Have a question about this project? Sign up for a free GitHub account to open an issue and contact its maintainers and the community.

By clicking “Sign up for GitHub”, you agree to our terms of service and privacy statement. We’ll occasionally send you account related emails.

Already on GitHub? Sign in to your account

Closed

Conversation

projectgus
Copy link
Contributor

@projectgus projectgus commented Dec 17, 2024

Summary

Fixes #16181 and partial fix for #16180. Specifically: bug where PICO-W build won't lightsleep() for more than 64ms.

Details

This is a regression introduced in 74fb42a (#13329) when we switched away from the pico-sdk alarm pool for soft timers and accidentally made soft timer expiry a wakeup source.

Before 74fb42a (including V1.23), both the pico-sdk alarm pool and the lightsleep wakeup timer uses alarm 3. The lightsleep timer would quietly clobber alarm 3's timeout, meaning softtimer events wouldn't wake the chip from lightsleep.

After 74fb42a (including V1.24), soft timer wakeup happens on timer alarm 2 so this interrupt can wake the chip from light sleep. On PICO-W builds this happens every lwIP tick (64ms) which is unexpected.

The change here is to go back to using the same timer alarm for both lightsleep wakeup and soft timer, but now being explicit about lightsleep wakeup clobbering any soft timer wakeup. Also adds a "catch up" call to soft timer handler as it's not currently there.

This also reworks the changes added in 19844b4 to enable the timer IRQ on CPU1. The functionality is basically the same, just being a bit more explicit and by reworking this and the other code there's no more "magic IRQ number 3" in this code.

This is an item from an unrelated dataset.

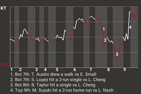 2 (4, 5th Inning off A. Sánchez, 1 on, 2 outs; 9th Inning off S. Holman, 0 on, 1 out)

Thanks to @cpottle9 for investigating this issue and pinpointing 74fb42a as the regression commit. 🙏

This work was funded through GitHub Sponsors.

Testing

  • Basic test case on PICO-W.
  • Unit tests pass on PICO-W.
  • Test wakeup from pin IRQ as also reported in lightsleep() not working properly Pi Pico WH v1.24.0 #16180 (might need to be fixed separately). (Note: Tested this works provided timeout is provided, issue without timeout is tracked in rp2: Can't wake from lightsleep with Pin IRQ #7035)
  • Test on RP2350 (help wanted, have ordered hardware but probably won't get until next year).
  • Add unit test for light sleep running from thread on core1.
  • Add unit test verifying that soft timer callbacks resume after waking from lightsleep. EDIT: Can't do this actually, as machine.Timer() uses the alarm pool. However, lightsleep and Wi-Fi are compatible so soft timer is resuming OK.
  • Test Wi-Fi stays valid after lightsleep (with a timeout).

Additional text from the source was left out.